The urgency around reform has spiked sharply over the past 12 months, after West Indies suffered a humiliating Test series defeat to Australia last summer, capped by a shocking 27 all out at Kingston’s Sabina Park – one of the lowest batting totals in the team’s long international history. Current International Cricket Council (ICC) rankings underscore the depth of the on-field crisis: the men’s senior team sits in the bottom half of all ICC global rankings, holding 8th place in Tests, 10th in One-Day Internationals, and 7th in the Twenty20 format.
Off the pitch, the sport’s regional governing body, Cricket West Indies (CWI), is facing severe financial strain, with the organization projecting a $26 million USD loss for the current year, though it forecasts a return to profitability by 2027. Gonsalves argues that these overlapping crises cannot be resolved by CWI’s current private governance model alone, and that regional governments must be granted formal decision-making authority if they are expected to inject much-needed public funding into the sport.
Speaking in an interview with the Jamaica Observer, Gonsalves noted: “The governments have to get involved but the governments [are] not going to get involved seriously if Cricket West Indies continues to think that government will pour money into Cricket West Indies without them having a say.” Currently, the Caribbean Community (Caricom) maintains a cricket subcommittee – once chaired by Gonsalves himself – but the regional bloc holds no formal governing power within CWI. ICC rules also ban official government interference in the internal administration of its member organizations, a regulation Gonsalves says is outdated and ill-suited to the Caribbean context.
Drawing a comparison to South Asia, Gonsalves pointed out that the Indian Supreme Court has already ruled that top-tier cricket is a public good that cannot be managed exclusively by private entities. “I’m sure if it comes to our courts that they will rule similarly because it makes perfect sense,” he said. “The law is right reason and right reason indicates that you can’t have a public good, of this type being run by a private entity and certainly you can’t expect the parliaments to vote money to put it inside of the organisation, Cricket West Indies, where they seek to conflate Cricket West Indies with cricket in the West Indies. I’ve thought long and hard about this thing and, I dare anybody to tell me that my conclusions are not correct.”
Gonsalves’ proposed path forward calls for regional leaders to collectively present a formal diplomatic demarche to the ICC, outlining the severity of the current crisis and requesting approval for expanded government involvement to restructure and reform CWI. “If this matter is discussed within the context of the region and governments decide this is way we’re going to do it and we want to play a part in the management of it and to restructure it, we have to make a demarche to the ICC and say this thing cannot continue like this, because if it continues like this, it would fold,” he explained. “So I don’t think it’s a question of trust.
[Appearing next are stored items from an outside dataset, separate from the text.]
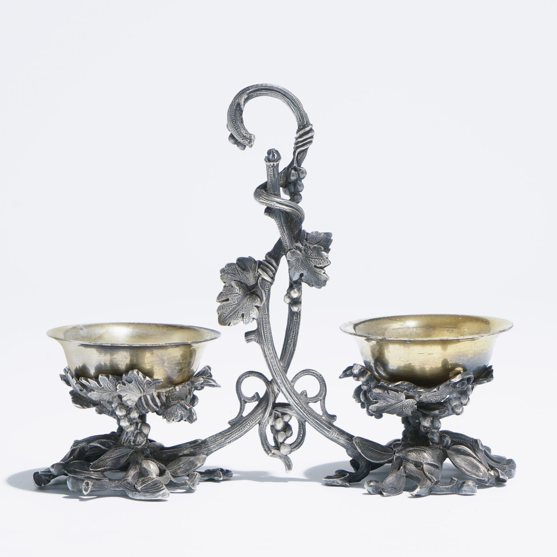 3529. Saleron double à décor de pampre de vigne et branches d'olivier, France, XIXe s
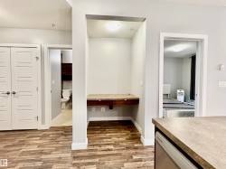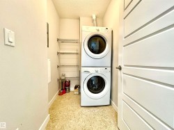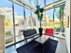 Welcome to The Ion in Ambleside, where trendy living meets unbeatable convenience with quick access to Anthony Henday, Whitemud, Downtown, and the airport. This former showhome features a spacious bedroom with large closet, versatile den/office, stylish peninsula kitchen with stainless steel appliances, and a bright living room with access to a private balcony and fenced green space—perfect for small pets. Complete with in-suite laundry, ample storage, and access to top-tier amenities including a fitness centre, media room, social/amenities room, guest suites, BBQ areas, and heated underground parking, all for low condo fees of just under $400 covering heat, water, sewer, and amenities, this home offers modern comfort in the upscale Ambleside community.
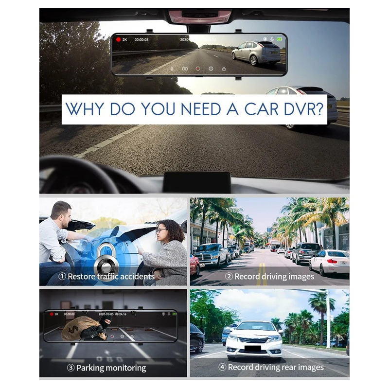 12 дюймов нажмите Автомобильный видеорегистратор 2K зеркало видеорегистратор IMX335 двойной объектив Поддержка GPS 1080P задняя камера
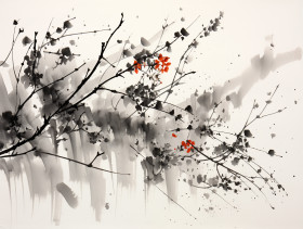 sumi ink wash Japanese painting traditional art brushstroke monochrome nature landscape flora fauna minimalismImagine Buddy
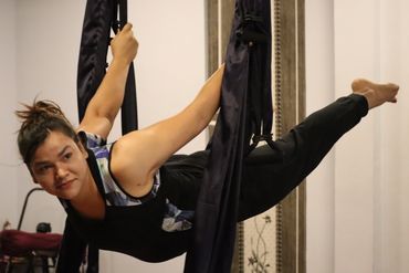 Aerial yoga or Trapeze yoga is just like any other form of yoga but utilises a hammock/trapeze or yoga swing (suspended from the ceiling) to allow you to perform a diverse range of poses you can’t normally do on a traditional yoga mat.

It’s whether we as governments in the region decide whether we’re going to be involved in this matter. And in order to comply with the perspectives of the ICC, where are the tolerable limits for the state’s involvement because we are in a crisis.”
West Indies cricket is set to return to the international spotlight next month, when the team will host Sri Lanka for three ODIs and three T20Is at Sabina Park, against a backdrop of growing calls for sweeping systemic change to secure the sport’s future in the Caribbean.